[Saved data entries]

###

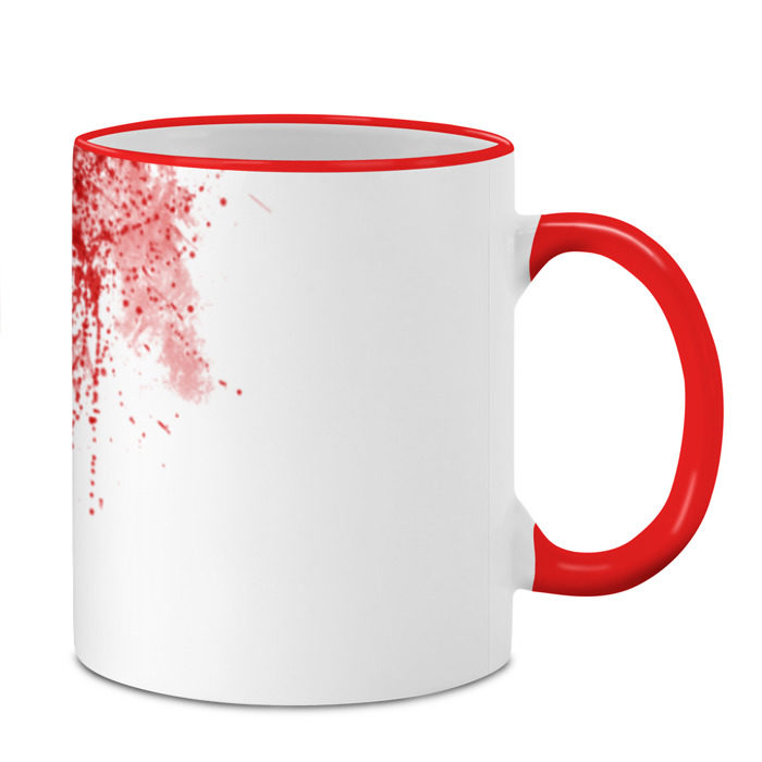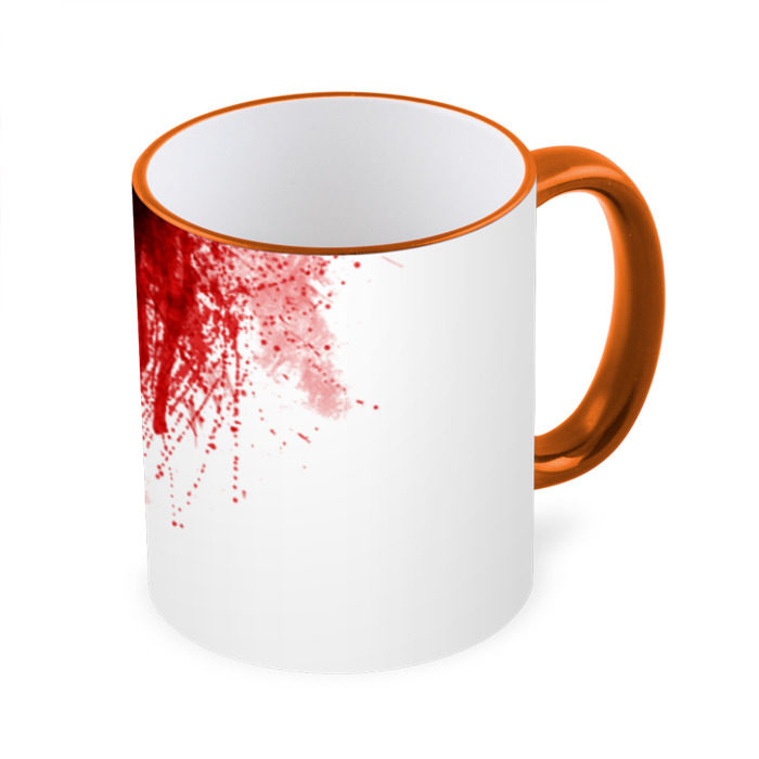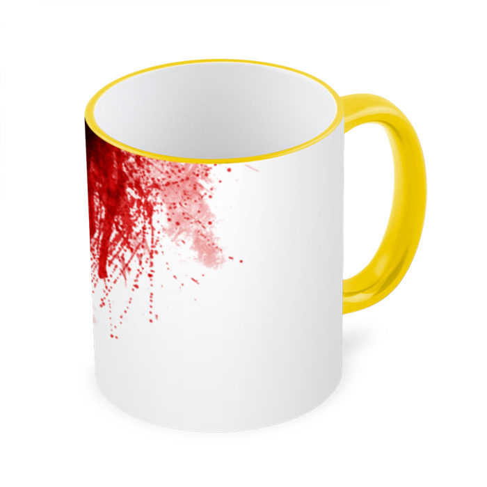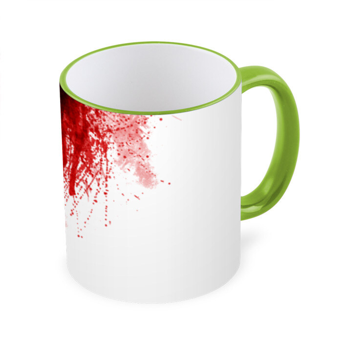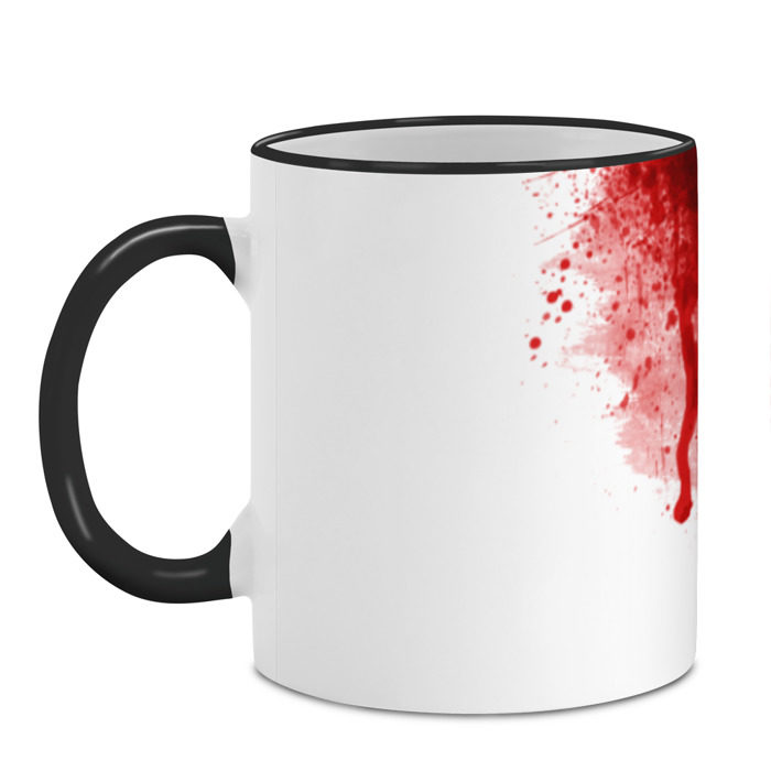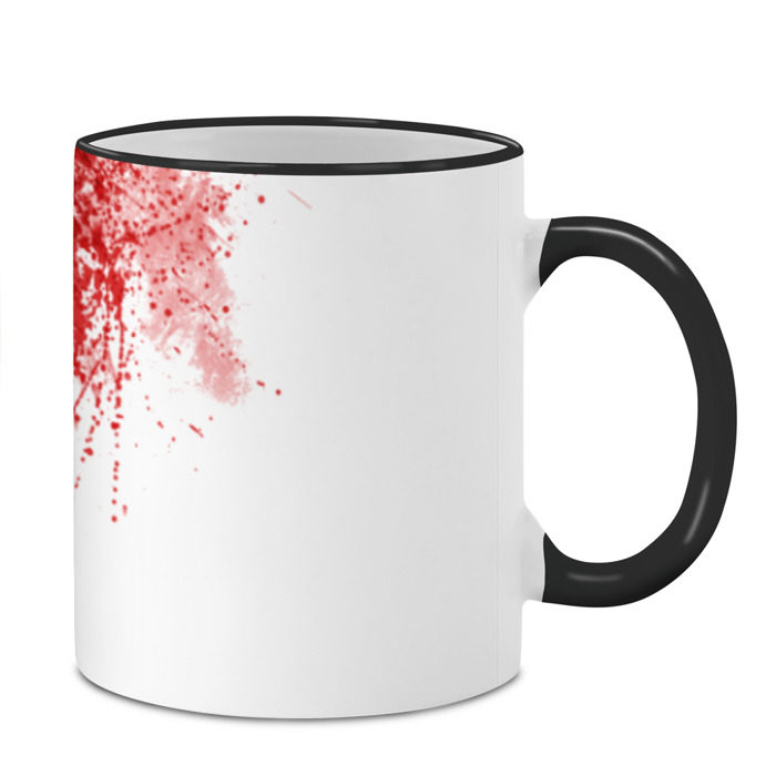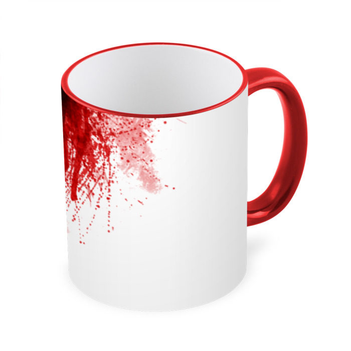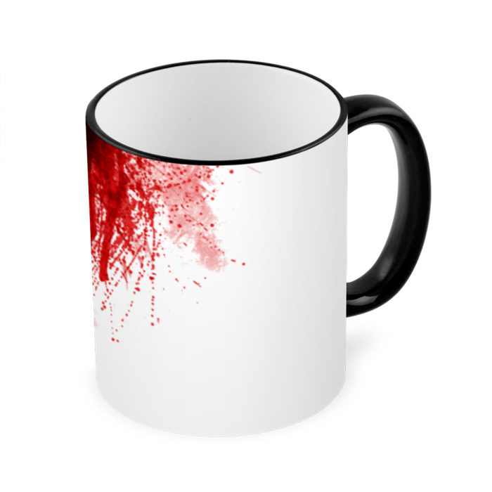 Кружка с принтом, который наносится по всей внешней поверхности, кроме прямоугольника у ручки. У кружки цветной ободок сверху и ручка. Можно заказать со своим дизайном.
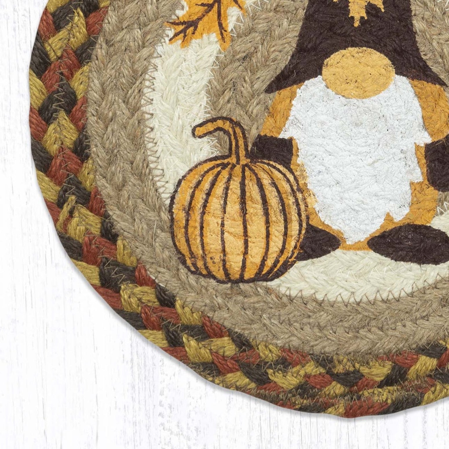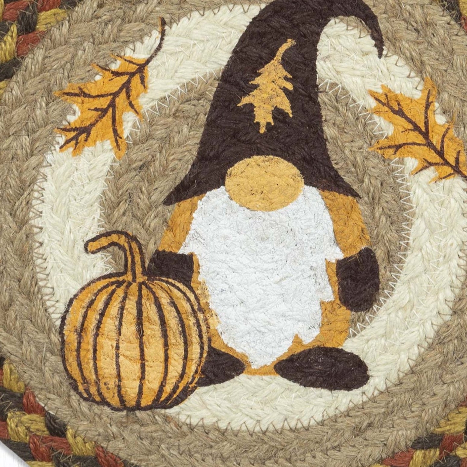 SKU - ER80-655FGEarth Rugs 10-Inch Round Jute Trivet with Fall Gnome Art by Harry W. Smith
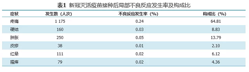 基于监测到的519543人次接种信息,共监测不良反应信息5164条,北京生物制品研究所、武汉生物制品研究所生产的新冠灭活疫苗总不良反应发生率为1.06%,局部不良反应发生率为0.37%,全身不良反应发生率为0.69%。局部不良反应以接种部位疼痛、接种部位肿胀为主要表现,发生率分别为0.24%、0.05%,全身不良反应以疲劳、头痛、发热、咳嗽、食欲不振为主要表现,未见严重不良反应。
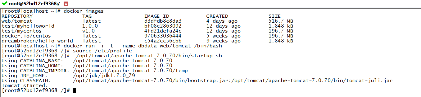 创建dbdata容器,并启动里面的tomcat(默认端口8080)。
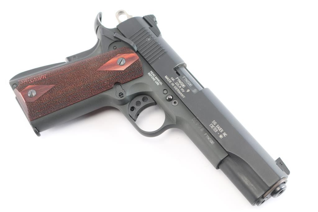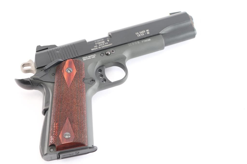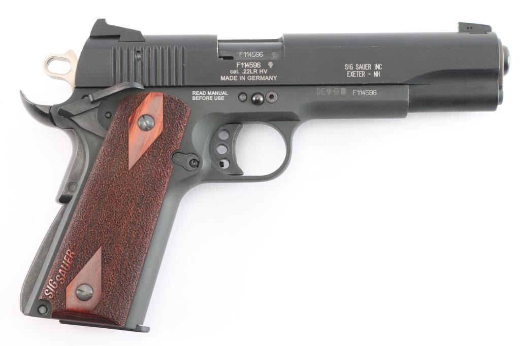 German 1911 styled semiautomatic rimfire pistol imported by Sig Sauer, Exeter NH. Features matte black finish, stippled rosewood grips, 5" barrel, dovetail mounted 3 dot sights,adjustable trigger, upswept beavertail grip safety, ambidextrous manual safety. Bore is excellent. Overall external condition is like new, with few signs of handling and use. Includes one magazine, manual, hard plastic factory case, tools/cleaning gear..
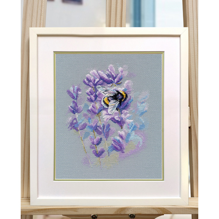Set de brodat in cruciulita, Albina si lavanda. Setul contine panza, 22 de seturi de ate colorate, ac, schema de realizare (diagrama) si instructiuni. Da start creativitatii!
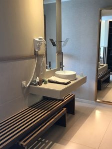 Wer in der Nebensaison (November bis April) unterwegs ist, kann hier von sehr günstigen Übernachtungspreisen profitieren. Ich habe mir auf meiner Wanderung deshalb das 5-Sterne-Hotel Vidamar Algarve gegönnt (Link: Vidamar Algarve). Die großzügigen Zimmer mit der etwas extravaganten Badgestaltung haben mir sehr gut gefallen.
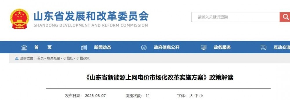 8月7日,山东省发展改革委公布关于印发《山东省新能源上网电价市场化改革实施方案》的通知(鲁发改价格〔2025〕576号)。
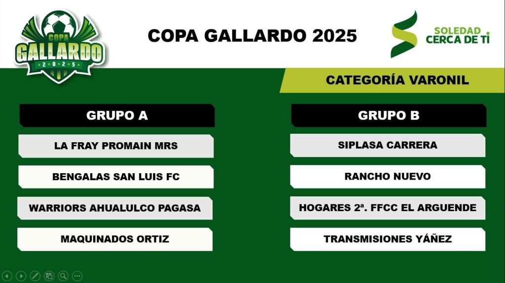 Con una impresionante premiación en efectivo de más de 500 mil pesos, y en el marco de la Feria Nacional de la Enchilada (FENAE) 2025, quedó listo el rol de juego de las tres primeras jornadas de la Copa Gallardo de fútbol, que se realizará en Soledad de Graciano Sánchez del 16 al 20 de abril, correspondiente a la categoría Varonil, teniendo como sede las canchas de la Unidad Deportiva “21 de Marzo” en la colonia San Antonio.
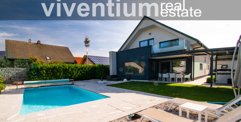 Na prijetni in mirni lokaciji na Ilovki pri Kranju posredujemo pri prodaji luksuzne hiše z bazenom in poslovno stavbo.
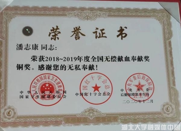 潘志康获“2018—2019年度全国无偿献血奉献奖”。
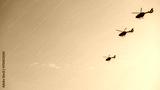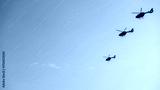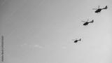 Budapest, Hungary - August 20, 2024: Three military helicopters performing at Budapest air show
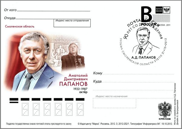 - Папанов в кадре из фильма «Живые и мёртвые» изображён на почтовой марке СССР 1966 года.
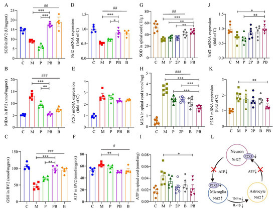 Our testing indicated a substantial decrease in SOD enzyme activity and an increase in MDA content in both LPS-stimulated BV2 cells and the spinal cords of SNI model mice (Figure 7A,B,G,H). We discovered that oxidative stress was notably more effectively mitigated in the PB group than in the P group. Specifically, following LPS stimulation in vitro, MDA levels in BV2 cells escalated remarkably. However, upon drug administration, MDA content decreased in groups P, B, and PB, with the PB group exhibiting the most significant decline (Figure 7B). The Nrf2 and SOD results revealed that only the B and PB groups demonstrated a notable increase compared to the M group, suggesting that dexborneol primarily contributes to the in vitro antioxidative activity (Figure 7A).

###

§ **Exercise aim**
Nothing but the lines above, starting at the line that contains "8月7日,山东省发展改革委公" and ending at the line that contains "- Папанов в", should be given again, exactly and without the pictures.

§ **Answer space**
 8月7日,山东省发展改革委公布关于印发《山东省新能源上网电价市场化改革实施方案》的通知(鲁发改价格〔2025〕576号)。
 Con una impresionante premiación en efectivo de más de 500 mil pesos, y en el marco de la Feria Nacional de la Enchilada (FENAE) 2025, quedó listo el rol de juego de las tres primeras jornadas de la Copa Gallardo de fútbol, que se realizará en Soledad de Graciano Sánchez del 16 al 20 de abril, correspondiente a la categoría Varonil, teniendo como sede las canchas de la Unidad Deportiva “21 de Marzo” en la colonia San Antonio.
 Na prijetni in mirni lokaciji na Ilovki pri Kranju posredujemo pri prodaji luksuzne hiše z bazenom in poslovno stavbo.
 潘志康获“2018—2019年度全国无偿献血奉献奖”。
 Budapest, Hungary - August 20, 2024: Three military helicopters performing at Budapest air show
 - Папанов в кадре из фильма «Живые и мёртвые» изображён на почтовой марке СССР 1966 года.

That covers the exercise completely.